Wohnungsgeberbestätigung - ab 01.11.2015

Informationen zum neuen Bundesmeldegesetz (BMG)


Neuregelung zum 1. November 2015


Das neue Bundesmeldegesetz (BMG) vereinheitlicht erstmals das Melderecht in Deutschland. Mit dieser Neuregelung wird das Ziel verfolgt, die Daten der Bürgerinnen und Bürger noch besser zu schützen, Verwaltungsabläufe zu vereinfachen und Kosten zu senken.


Bisher war das Meldewesen in Grundzügen im Melderechtsrahmengesetz (MRRG) verankert und die einzelnen Bundesländer hatten eigene landesrechtliche Bestimmungen, um diese Vorgaben umzusetzen. Dies gehört künftig der Vergangenheit an, ist aber auch aus unserer Sicht seit Jahren mehr als überfällig.
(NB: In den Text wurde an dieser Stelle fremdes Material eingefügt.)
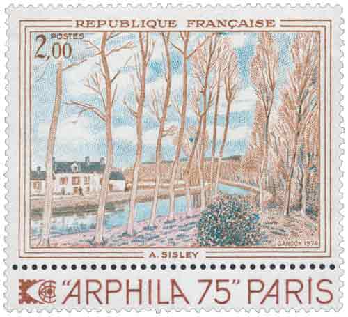 | Commentaire | Émis par la France en 1974 dans le cadre d’ARPHILA 75, ce timbre reproduit l’œuvre « Canal du Loing » d’Alfred Sisley et s’inscrit dans une politique culturelle postale attentive à la diffusion du patrimoine pictural impressionniste. À cette date, l’impressionnisme bénéficie d’une reconnaissance institutionnelle désormais établie, et le choix de Sisley souligne une sensibilité particulière pour un artiste dont l’œuvre, longtemps restée discrète, incarne une approche intime et rigoureuse du paysage. Le sujet retenu renvoie à l’environnement de Moret-sur-Loing, où le peintre trouva un ancrage durable et une source d’inspiration constante, loin des scènes mondaines. Le canal, élément technique du paysage fluvial français, y apparaît totalement intégré à la nature, dans une composition dominée par l’équilibre des masses, la fluidité de la perspective et l’attention portée aux variations de la lumière. Cette représentation correspond à la démarche de Sisley, qui privilégia toute sa vie l’observation directe des ciels et des reflets, sans emphase narrative, mais avec une constance remarquable. En choisissant cette œuvre, l’administration postale met en avant un art du paysage étroitement lié à la géographie française et à ses transformations, tout en rappelant le rôle du réseau fluvial dans l’aménagement du territoire au XIXᵉ siècle. Le timbre devient ainsi un vecteur de transmission culturelle, associant création artistique et circulation quotidienne du courrier, dans l’esprit du « musée imaginaire » développé par la philatélie française. Par sa diffusion massive, il contribue à familiariser un large public avec une œuvre emblématique de l’impressionnisme, tout en affirmant la capacité du timbre à porter une mémoire artistique et historique partagée, au croisement de l’art, du territoire et de la commémoration. Article rédigé pour WikiTimbres |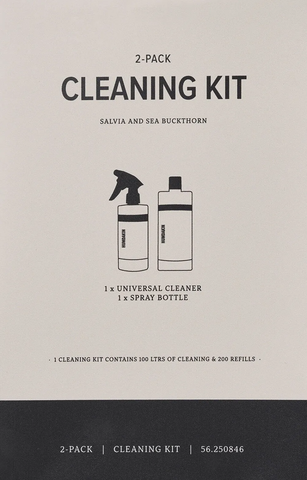 CLEANING KIT 1000 ml universalrengøringsmiddel + sprayflaske PET genanvendeligt plast Pakket i fin æske Nu er der ingen undskyldning for at springe en god rengøring over! I dette sæt får du alt, hvad du har brug for til bæredygtig rengøring- 1000 ml universalrengøringsmiddel og sprayflaske. I ét sæt har du i alt 100 liter rengøring, når du bruger den rigtige dosering. Universalrengøringsmidlet kan bruges på alle overflader, der tåler vand, f.eks. malede, træ- og keramiske overflader. Humdakin universal cleaner er beriget med antistatiske tilsætningsstoffer og naturlige ekstrakter fra havtorn og salvie for en blidere rengøringsoplevelse. Brug universalrengøringsmidlet regelmæssigt for at holde skidt og bakterier ude og dit hjem velduftende.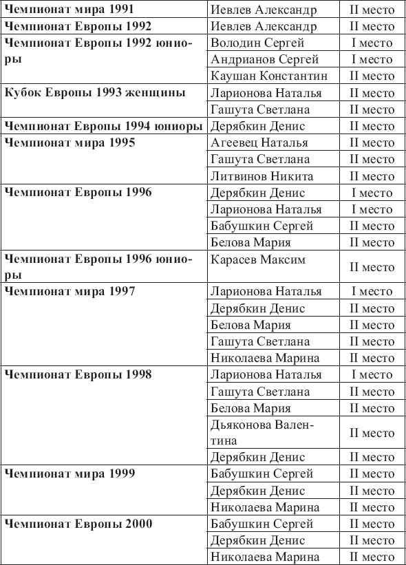 Представляется необходимым отметить вклад в подготовку ряда спортсменов нашей сборной Шамирова А. С., совместно с которым автор проводил подготовку: Сергея Володина, Никиты Литвинова, Валентины Дьяконовой, Андрея Зацепина, Ислама Чемурзиева и др.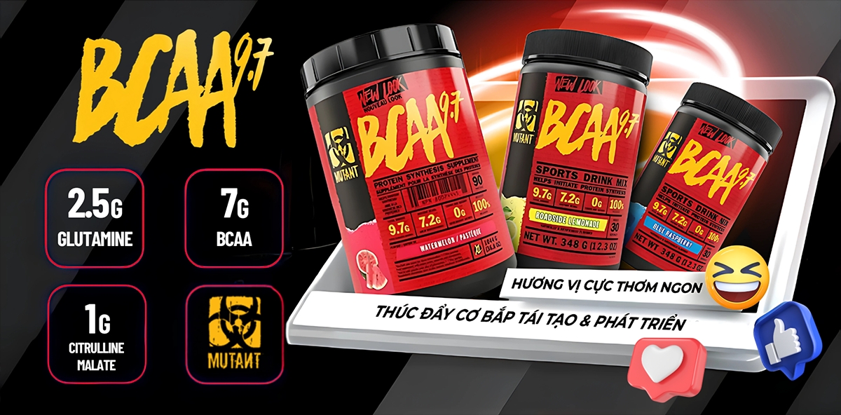 Mutant BCAA 9.7 là dòng sản phẩm BCAA nổi bật đến từ thương hiệu Mutant, được nhiều gymer, vận động viên tin dùng sau những buổi tập nặng. Sản phẩm cung cấp tới 7.2g BCAA theo tỷ lệ vàng 2:1:1 (Leucine – Isoleucine – Valine) trong mỗi khẩu phần, giúp phục hồi cơ bắp nhanh chóng, tăng sức bền đồng thời thúc đẩy tăng trưởng và bảo vệ khối cơ nạc.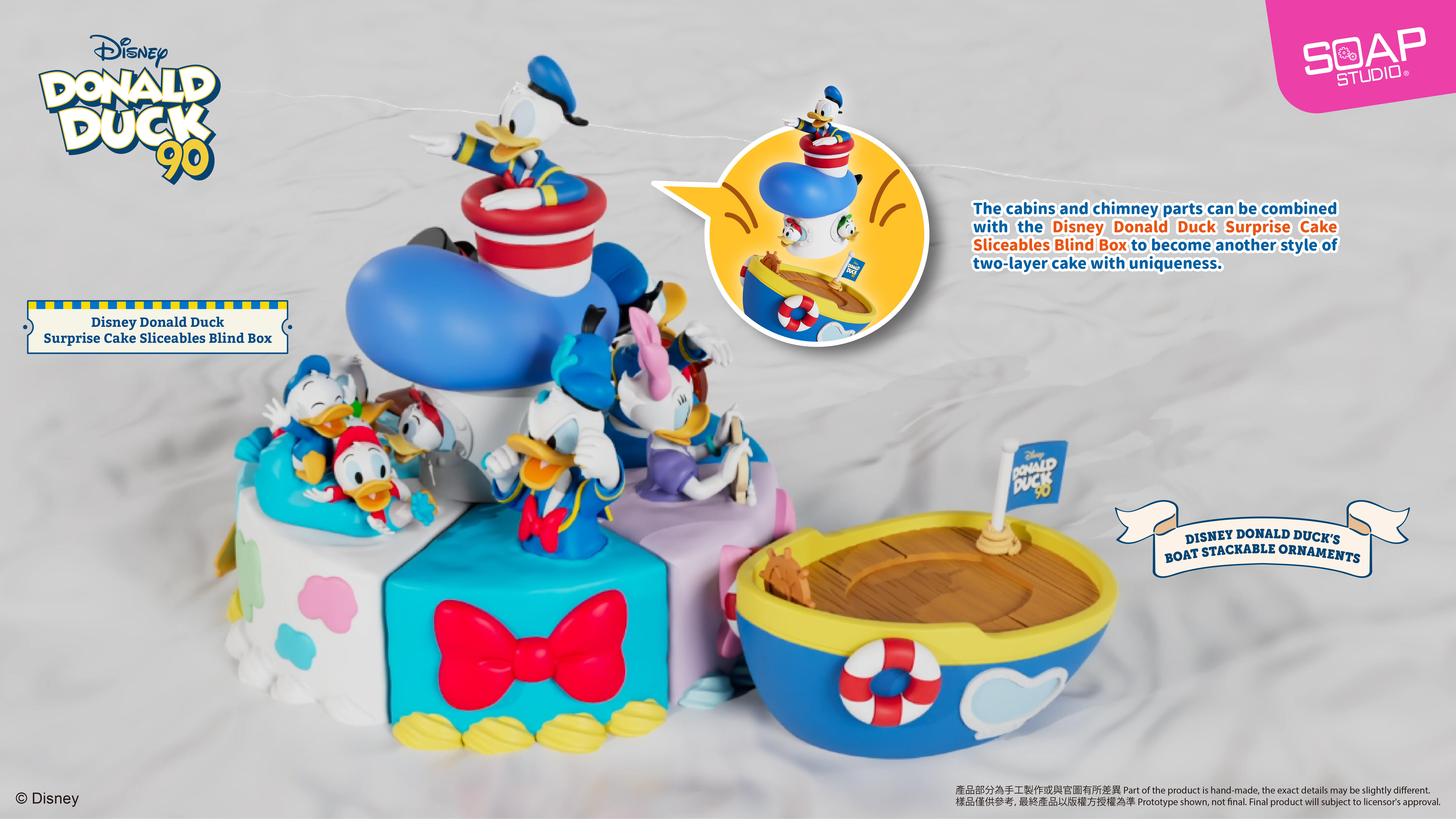 The cabin and the chimney parts can be placed on the top of a complete cake from the Disney Donald Duck Surprise Cake Sliceables Blind Box, which will also be launched at the same time, to make it a two layers cake. It will definitely bring you the joy on both collection and showcasing."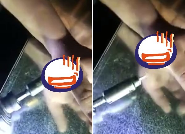 影片中,眼鏡男右手拿著電動起子,左手平放在桌上,拇指下方的肌膚明顯有一塊瘀血,甚至腫了起來,接著他將工具對準插進肉裡的螺絲,先嘗試轉起一半,鬆開之後又繼續轉,直到整根螺絲釘被拔起,在手上留下一個小卻深的血洞,好不容易解脫,他也忍不住在影片最後痛得大叫。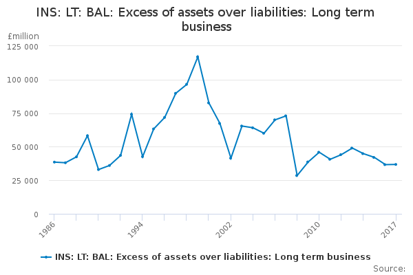 Download this time seriesINS: LT: BAL: Excess of assets over liabilities: Long term business

Mit dem Bundesmeldegesetz werden IT-Standards vereinheitlicht, die Verwaltung von rund 5.200 Melderegistern vereinfacht und vor allem wird das Recht auf informationelle Selbstbestimmung der Bürger gestärkt. So sind z.B. Auskünfte zu Werbezwecken oder womöglich sogar zum Adresshandel nur noch dann möglich, wenn der Betroffene hier ausdrücklich seine Zustimmung erteilt hat. Diese Regelung wurde seitens der Stadt Marktredwitz auch in der Vergangenheit schon so in der Praxis angewendet, denn wir sehen uns keinesfalls als „Handlanger" der Werbung oder des Datenhandels. Die jetzige klare gesetzliche Regelung bietet dem Bürger und den Meldebehörden deutliche Rechtssicherheit.


Wichtig ist für Mieter und Vermieter zu wissen: Die Mitwirkungspflicht des Wohnungsgebers bzw. des Wohnungseigentümers wird wieder eingeführt. Künftig muss bei der Wohnsitzanmeldung in der Meldebehörde eine vom Wohnungsgeber bzw. Wohnungseigentümer ausgestellte Bescheinigung vorgelegt werden, mit der der Einzug in die anzumeldende Wohnung bestätigt wird. Es obliegt also nicht nur dem Mieter, sondern auch dem Vermieter, an der Meldepflicht mitzuwirken, was letztlich auch in deren Eigeninteresse liegen sollte. Grund für die Wiedereinführung der Mitwirkungspflicht ist nämlich in erster Linie die Verhinderung von Scheinanmeldungen.


Die Stadt Marktredwitz wird demnächst eine ausführlichere Informationsseite zum Meldegesetz auf ihrer Internetseite veröffentlichen. Geprüft wird auch die Einstellung eines entsprechenden Vordrucks hinsichtlich der Mitwirkungspflicht des Wohnungsgebers, um das Verfahren zu erleichtern. Mit den Wohnungsbaugesellschaften werden ohnehin besondere Absprachen getroffen, um den bürokratischen Aufwand so gering wie möglich zu halten.


Bei etwaigen Detailfragen stehen die Mitarbeiter des Einwohneramtes selbstverständlich gerne persönlich oder telefonisch zur Verfügung.